▶ **Information supplied**
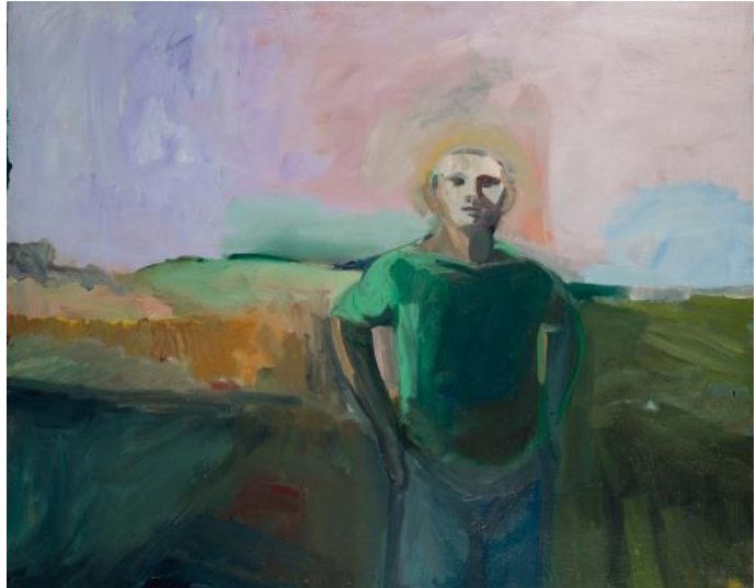
Man and Lavender Sky by Elmer Bischoff, 1957-1958

All Concord Art members are welcome to submit an image to the annual calendar contest for jurying; no fees are required. This year's theme is "Figure/s in the Landscape." The submission deadline is September 30. For more info visit https://concordart.org/ .
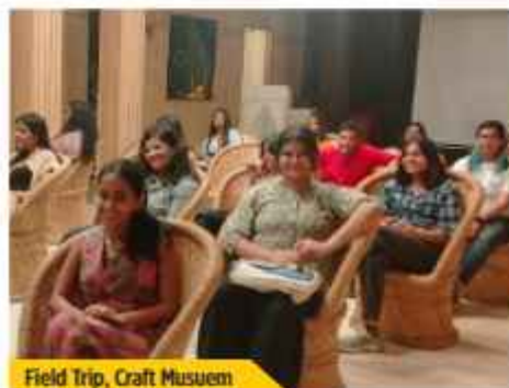
Field Trip, Craft Museum

▶ **Directions**
Repeat the lines above exactly, and keep every picture out.

▶ **Your response**
Man and Lavender Sky by Elmer Bischoff, 1957-1958

All Concord Art members are welcome to submit an image to the annual calendar contest for jurying; no fees are required. This year's theme is "Figure/s in the Landscape." The submission deadline is September 30. For more info visit https://concordart.org/ .
Field Trip, Craft Museum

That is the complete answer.